Interest Rate Roundup

Monday, December 22, 2008

Commercial developers lining up at the bailout window

Good Monday morning - I don't know how many people are reading out there, given the fact we're now squarely in the holiday season. But I'm still toiling away and will do my best to keep you abreast of what's going on in the markets. One key news item I can't help but highlight: The story from the Wall Street Journal today entitled "Developers ask U.S. for Bailout as Massive Debt Looms." An excerpt:

"With a record amount of commercial real-estate debt coming due, some of the country's biggest property developers have become the latest to go hat-in-hand to the government for assistance.

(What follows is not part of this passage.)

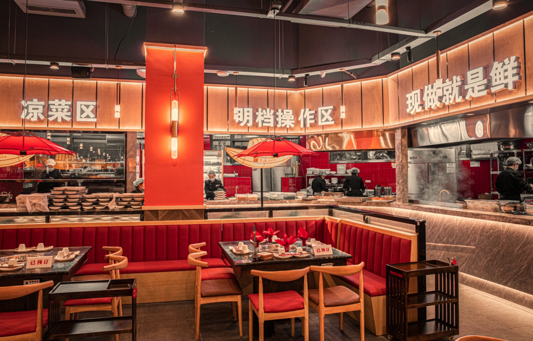 明档厨房、鲜鱼坊、凉菜区、精酿啤酒区等模块既独立又联动,既保证了操作流程的专业化,又将食材处理、锅底炒制、饮品调配等过程转化为一场“沉浸式餐饮剧场”。
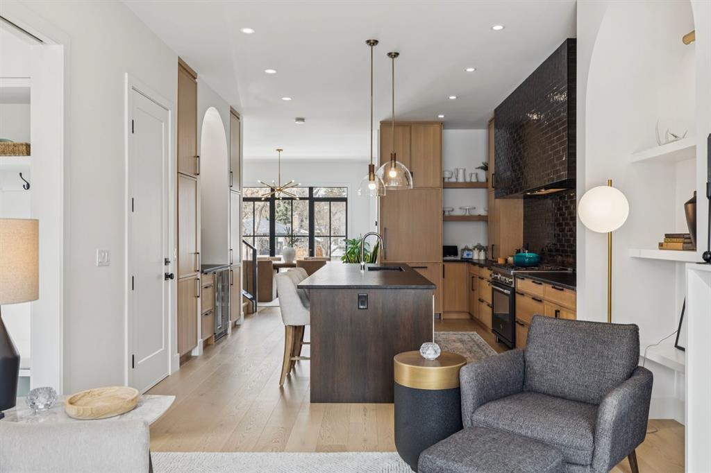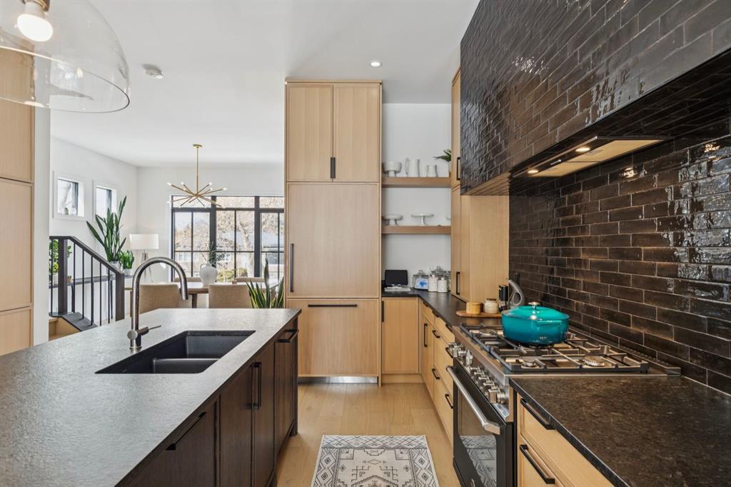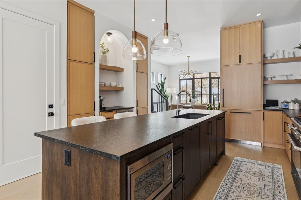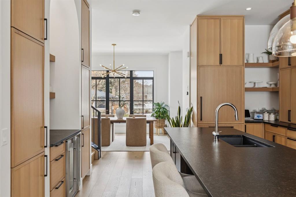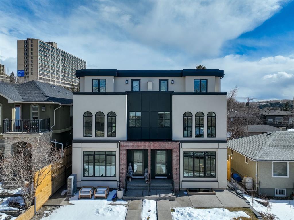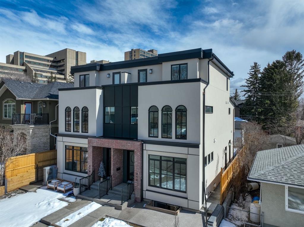 LUXURY & MOVE IN READY. Welcome to this 3 Storey Semi Detached with a legal suite located on a desirable street in the heart of Parkdale. Steps away from Foothills Hospital. This home has luxury finishes throughout with quality craftsmanship. The inviting main level welcomes you with the warmth of wide-plank hardwood floors, complemented by soaring 10-foot ceilings and chic designer lighting. An expansive front dining area sets the stage for memorable gatherings, seamlessly connecting to the heart of the home—the beautifully appointed kitchen. Here, you’ll find leathered granite countertops, an island with eating bar, a stylish dry bar, ample storage, with Fisher Paykel and Bertazzoni appliances, including an integrated fridge and dishwasher.

"They're warning policymakers that thousands of office complexes, hotels, shopping centers and other commercial buildings are headed into defaults, foreclosures and bankruptcies. The reason: according to research firm Foresight Analytics LCC, $530 billion of commercial mortgages will be coming due for refinancing in the next three years -- with about $160 billion maturing in the next year. Credit, meanwhile, is practically nonexistent and cash flows from commercial property are siphoning off.

"Unlike home loans, which borrowers repay after a set period of time, commercial mortgages usually are underwritten for five, seven or 10 years with big payments due at the end. At that point, they typically need to be refinanced. A borrower's inability to refinance could force it to give up the property to the lender.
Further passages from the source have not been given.